Task description ▸
Please print, exactly, only the lines in the entries below from the line that has "Průmyslový charakter objektu" through the line that has "Manifold Absolute Pressure". Pictures don't go in.

··· Available records

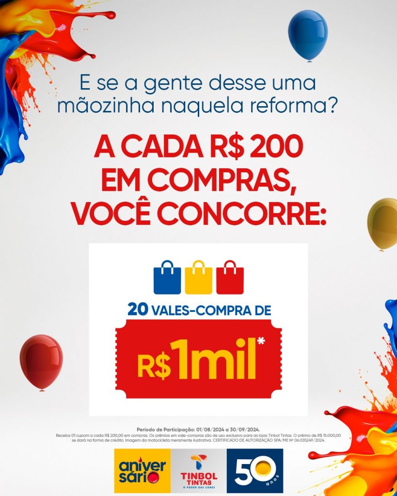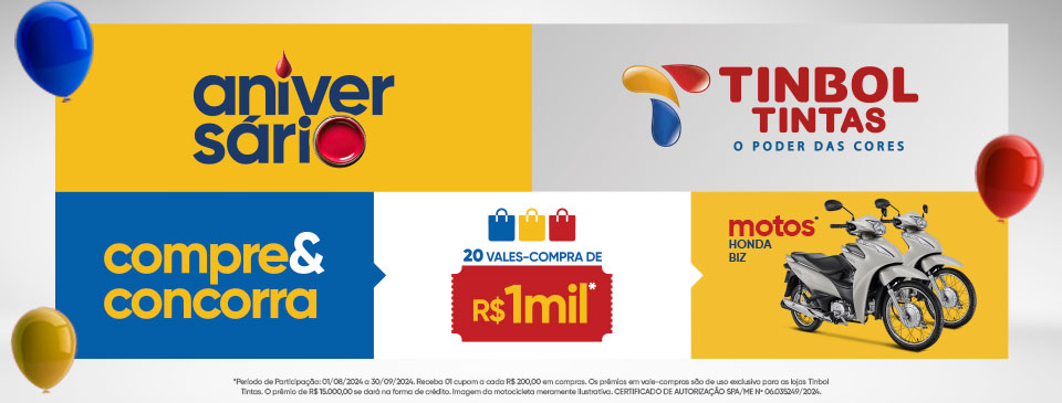 Para comemorar os seus 50 anos de história, a AUTORIZA PROMOÇÕES foi contratada para assessorar na realização de uma campanha promocional intitulada “Aniversario 50 Anos – Tinbol Tintas” para realização de diversos sorteios para premiar os clientes da TINBOL.
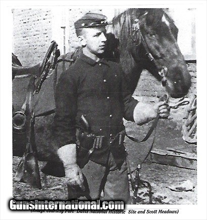 Description: This is a pattern 1885 Prairie belt with a commercial, non-regulation, vintage half skirt holster. The informal adaption of non-regulation gun leather was not uncommon in the Indian-fighting Army. This is a beautiful troopers rig in excellent condition. Matched up with a Colt Cavalry revolver in similar condition would be a great addition to any antique or Military gun room. The belt is a pattern 1885 regulation .45-70 caliber cartridge belt, type 1 with 45 cartridge loops. It is accompanied with a commercial single loop half flap holster. Both circa late 1880's. This rig is nearly identical to one worn in the photo of a Sixth Cavalry trooper at Fort Union, New Mexico in the 1880's (see "Packing Iron" by Richard Rattenbury, page 31) and photo here. The pattern 1885 belt is also on page 48 and in "American Military & Navel Belts" by R. Stephen Dorsey, page 271. The belt has no maker mark but is stamped "6C" for 6th Cavalry (same as the trooper in the photo) and "26" probably an inventory number. The holster is a single loop half flap variety for a Colt SAA with a 7 ½" barrel. Both belt & holster are in excellent lightly used condition. They both show no damage or losses and all the original stitching is in good strong condition. Neither one has been modified. Cavalry revolver in photos not included. We at Clarks Antiques are collectors of original vintage and antique old west gun leather. We have an extensive selection of authentic holsters, belts and leather items for your cowboy era firearms, at our home on line. Search for Clarks Antiques in google. SOLD |
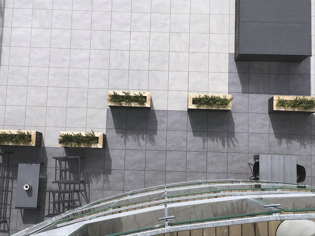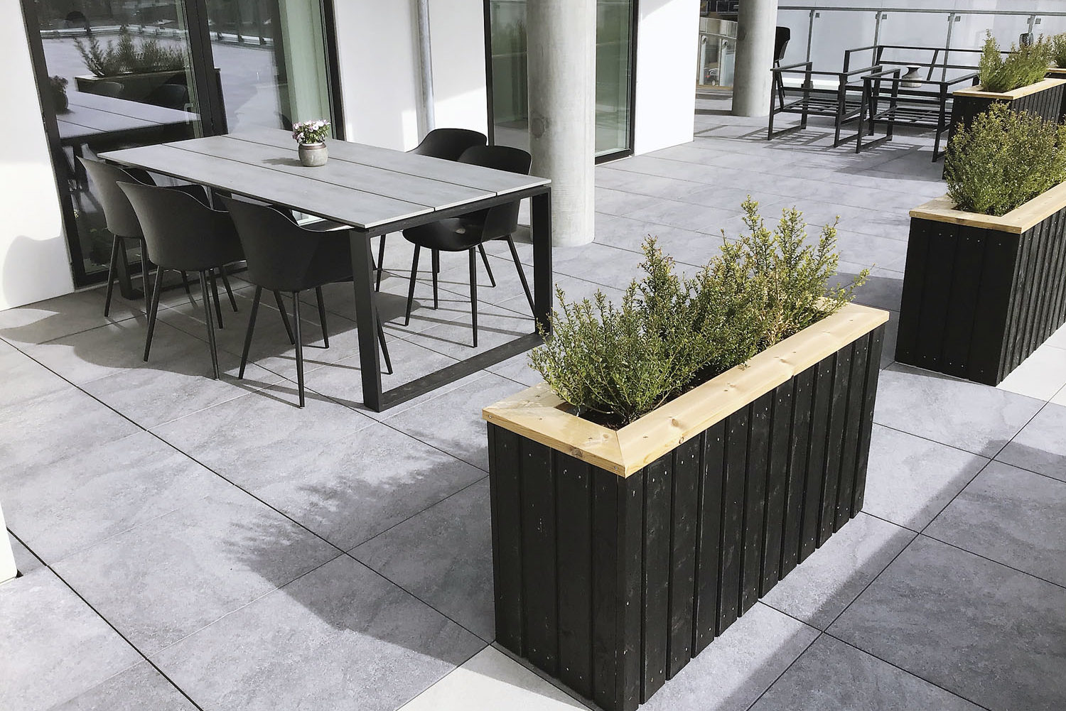 Průmyslový charakter objektu harmonicky doplnily na velkorysých terasách dlaždice RAKO. Ty v plánech nahradily původně uvažované osazení dřevěnými deskami. Mrazuvzdorné dlaždice formátu 60 x 60 x 2 cm ze série Kaamos Outdoor zde tvoří elegantní, robustní základ přibližně 450 m2 venkovního prostoru.
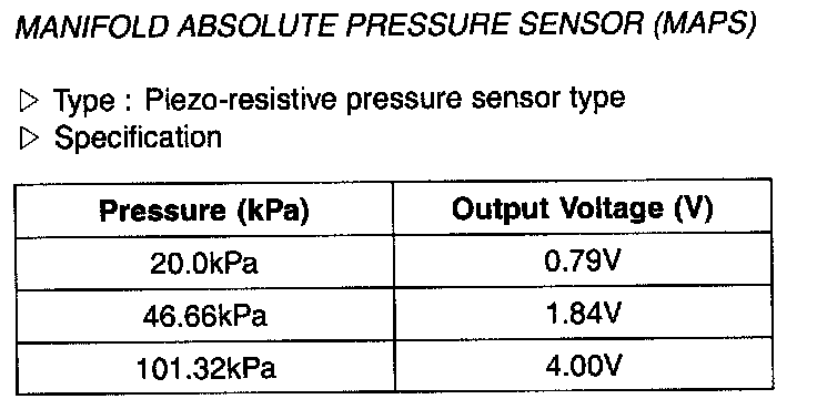 Manifold Absolute Pressure Sensor (MAPS) - Specifications:
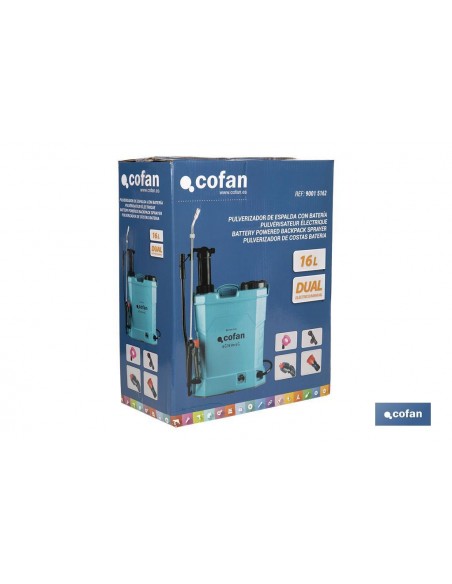 Pulverizador de espalda con capacidad de 16 litros ideal para llevar a cabo trabajos agrícolas y de jardinería, ya sea en viveros, plantaciones, árboles y mantenimientos generales, ofreciendo la eficiencia y durabilidad necesarias para mantener los espacios verdes y en óptimas condiciones. Equipado con una batería de litio de 12 V y 8 amperios, este pulverizador ofrece un uso dual: manual y automático, brindándote flexibilidad y comodidad en cualquier situación. Su batería recargable y sustituible garantiza un funcionamiento continuo de hasta 3 o 6 horas. Cuenta con una lanza de acero inoxidable, con una longitud de 60 cm, y 4 boquillas indicadas para proporcionar la precisión y versatilidad necesarias para diferentes aplicaciones, desde herbicidas hasta el cuidado de viveros y plantaciones. Además, cuenta con correas ajustables y acolchadas para una mayor comodidad, junto con una zona trasera transpirante que asegura una experiencia de uso confortable durante largas jornadas. Este pulverizador tiene integrado un indicador del estado de carga con regulador de potencia diseñados para transmitir información sobre el rendimiento de la batería, garantizando una operación sin interrupciones. Obtén este pulverizador, ya que, gracias a su batería de litio, hace que esta herramienta sea más ligera y manejable para ofrecer mayor comodidad durante largas jornadas de trabajo.

······

Solution to this problem ▸
 Průmyslový charakter objektu harmonicky doplnily na velkorysých terasách dlaždice RAKO. Ty v plánech nahradily původně uvažované osazení dřevěnými deskami. Mrazuvzdorné dlaždice formátu 60 x 60 x 2 cm ze série Kaamos Outdoor zde tvoří elegantní, robustní základ přibližně 450 m2 venkovního prostoru.
 Manifold Absolute Pressure Sensor (MAPS) - Specifications:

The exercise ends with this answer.